TASK REQUIREMENTS
Transcribe the entries exactly. Start at the top, stop after the line with "Etkinlikte Pandemi Hastanesi", and omit every picture.

= = = = = = =

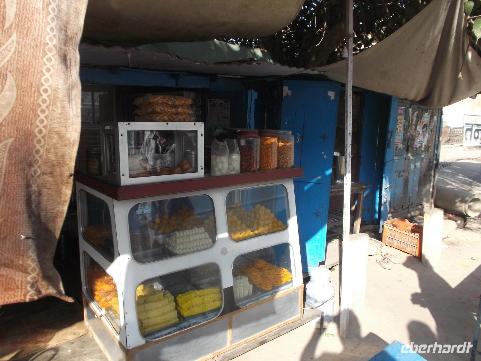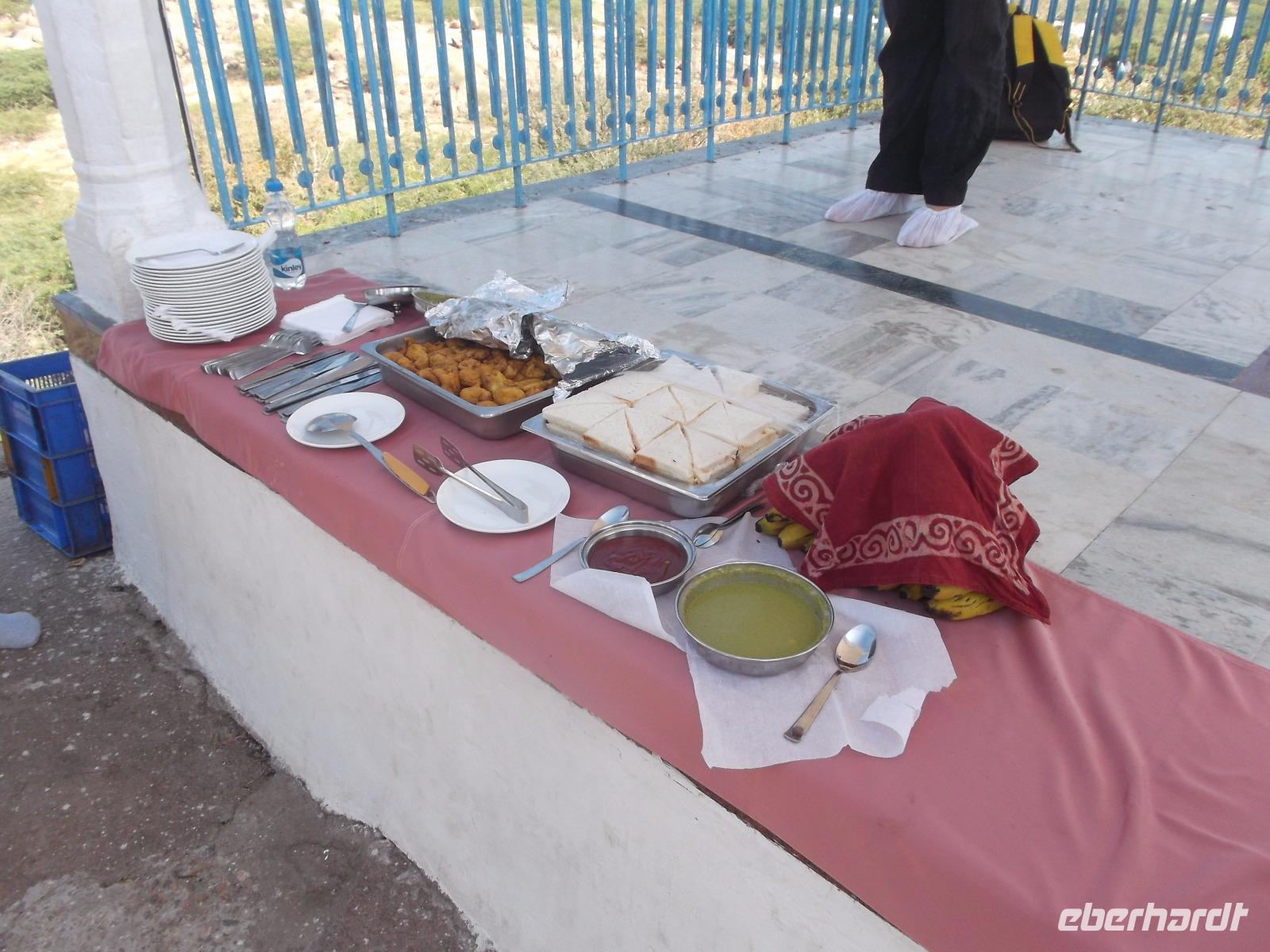 Da es inzwischen schon Mittagszeit war, holte zur Vermeidung langwieriger „Nahrungssuche" im Menschengewühl der fremden Stadt, Reiseleiter Ambrish indische Snacks, Bananen und Trinkwasser und den ersten Mittagsimbiss der Reise nahmen wir im klimatisierten Bus ein.
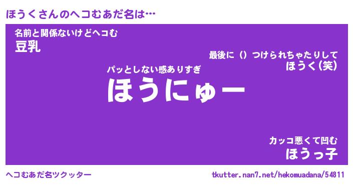 | ファンタジー風あだ名 | 『ホウフェル』『エターナルホウクー』 |
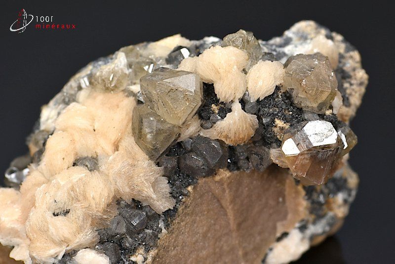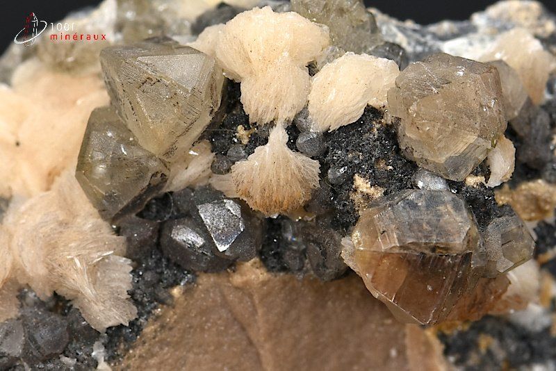Très belle composition de cristaux translucides de Cérusite, de Baryte rosée et de Galène noire.
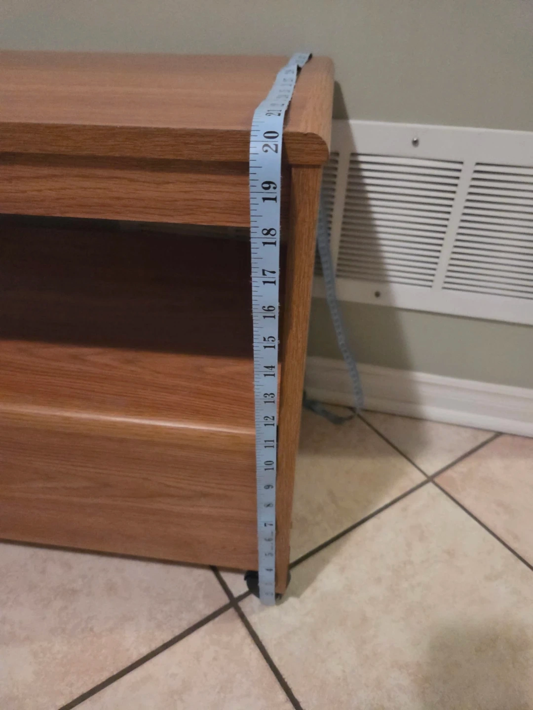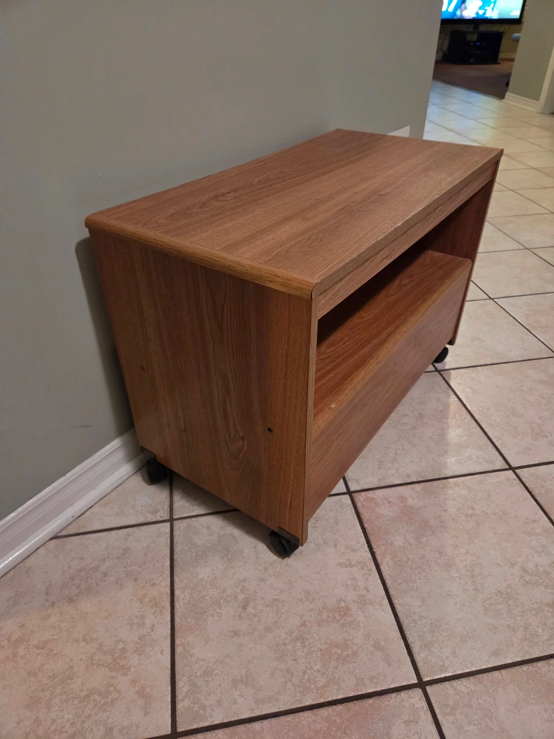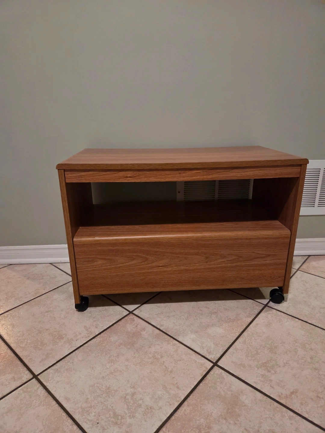 Selling a wooden TV stand. It's in good condition and has wheels for easy moving. The dimensions are approximately 28 inches wide and 20 inches deep and 14 3/4 inches deep. It also features a shelf for storage
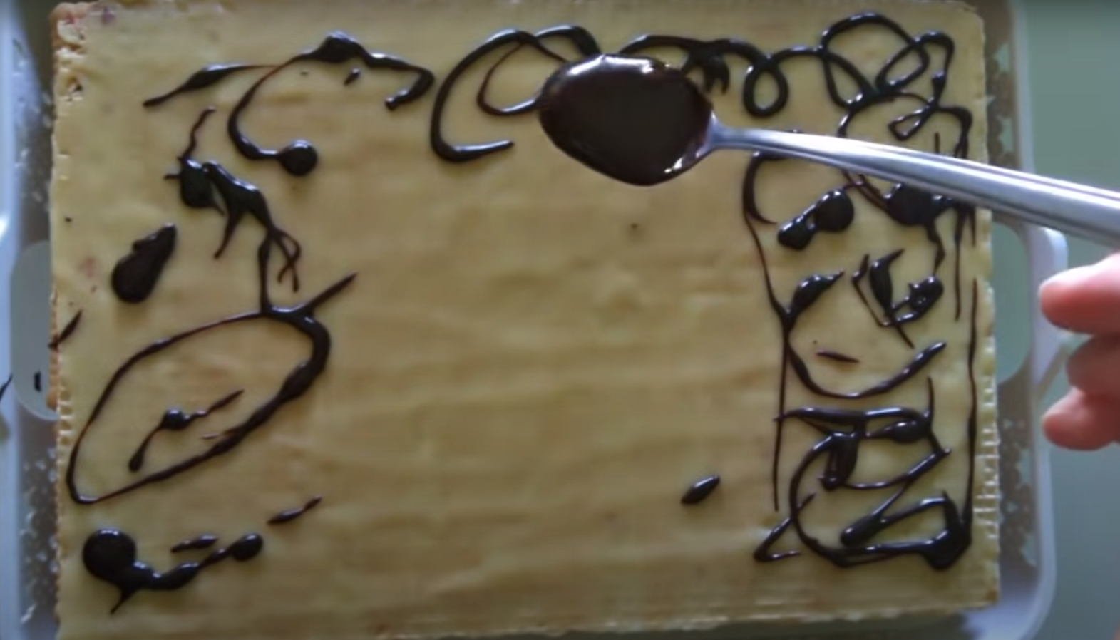Właśnie tak przygotowany lukier wylej na powierzchnię ciasta, a następnie rozpuść gorzką czekoladę z dodatkiem bitej śmietany i udekoruj górę deseru.
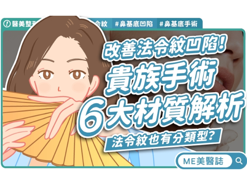 從鼻翼延伸至嘴角的兩道法令紋,是臉部老化的明顯特徵,近年來「貴族手術」的盛行,正代表了大眾對於改善老態的追求,這項又稱為「鼻基底增高術」的整形療程,主要是針對鼻翼兩側凹陷的法令紋問題,藉由植入適當材料,填補鼻唇溝凹陷,改善臉部的立體輪廓。跟著美醫誌來了解法令紋成因,以及貴族手術的材料選擇吧!
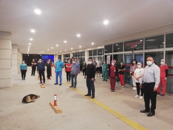 Etkinlikte Pandemi Hastanesi olan Manisa Merkezefendi Devlet Hastanesi çalışanı sağlıkçılarda alkışlarıyla destek verdi.
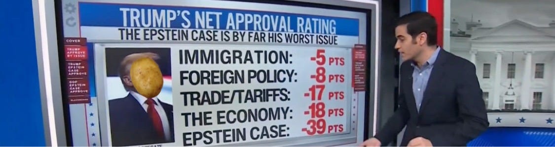 Trump’s polling numbers are underwater on a number of issues. But none are as bad as his handling of the Epstein case, which sits at a -39 net approval. It’s a jaw dropping number, even for Trump. Maybe he should just release the files already.
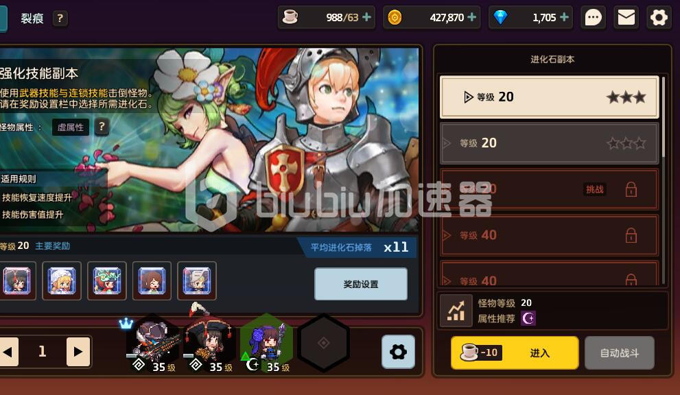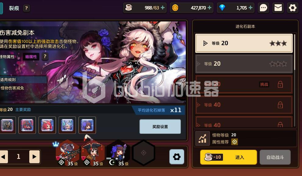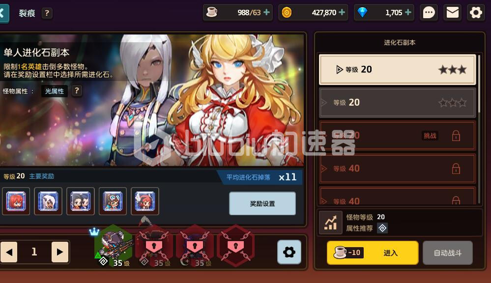 第三个进化石副本的难度最高,因为在该副本当中的所有怪物都拥有伤害减免的优势属性。玩家们必须要准备一套更加强大的阵容去应对。同样的,获胜之后可以得到大量进化石。
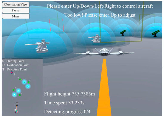 The experimental setup consisted of a Windows 10 operating system, a 24-inch monitor with a 144 Hz refresh rate and a resolution of 2048 × 1080, and external wireless input devices including a mouse and a keyboard. Participants used the keyboard arrow keys to control the manned aerial vehicle (MAV). The experiment was conducted in a closed room, where a non-intrusive instructor was present to provide background information, ensure adherence to the experimental procedure, and assist without influencing the participants’ actions or decisions.
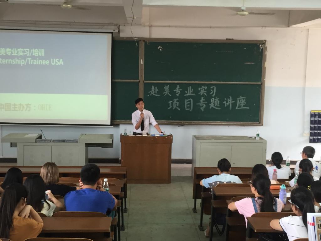 (本网讯)继建立省级校企合作人才培养示范基地之后,商学院继续发力专业内涵建设,进一步拓展人才培养模式,立足专业优势,瞄准海外市场,为学生打造专业实习的国际化平台。2016年9月27日下午,该院邀请了中国对外友好合作服务中心负责人邹虎主任一行来校举办“赴美实习项目”专场讲座。2013、2014级旅游管理专业全体学生和旅管教研室部分教师参加专题讲座。

= = = = = = =

SOLUTION TO THIS TASK
 Da es inzwischen schon Mittagszeit war, holte zur Vermeidung langwieriger „Nahrungssuche" im Menschengewühl der fremden Stadt, Reiseleiter Ambrish indische Snacks, Bananen und Trinkwasser und den ersten Mittagsimbiss der Reise nahmen wir im klimatisierten Bus ein.
 | ファンタジー風あだ名 | 『ホウフェル』『エターナルホウクー』 |
Très belle composition de cristaux translucides de Cérusite, de Baryte rosée et de Galène noire.
 Selling a wooden TV stand. It's in good condition and has wheels for easy moving. The dimensions are approximately 28 inches wide and 20 inches deep and 14 3/4 inches deep. It also features a shelf for storage
Właśnie tak przygotowany lukier wylej na powierzchnię ciasta, a następnie rozpuść gorzką czekoladę z dodatkiem bitej śmietany i udekoruj górę deseru.
 從鼻翼延伸至嘴角的兩道法令紋,是臉部老化的明顯特徵,近年來「貴族手術」的盛行,正代表了大眾對於改善老態的追求,這項又稱為「鼻基底增高術」的整形療程,主要是針對鼻翼兩側凹陷的法令紋問題,藉由植入適當材料,填補鼻唇溝凹陷,改善臉部的立體輪廓。跟著美醫誌來了解法令紋成因,以及貴族手術的材料選擇吧!
 Etkinlikte Pandemi Hastanesi olan Manisa Merkezefendi Devlet Hastanesi çalışanı sağlıkçılarda alkışlarıyla destek verdi.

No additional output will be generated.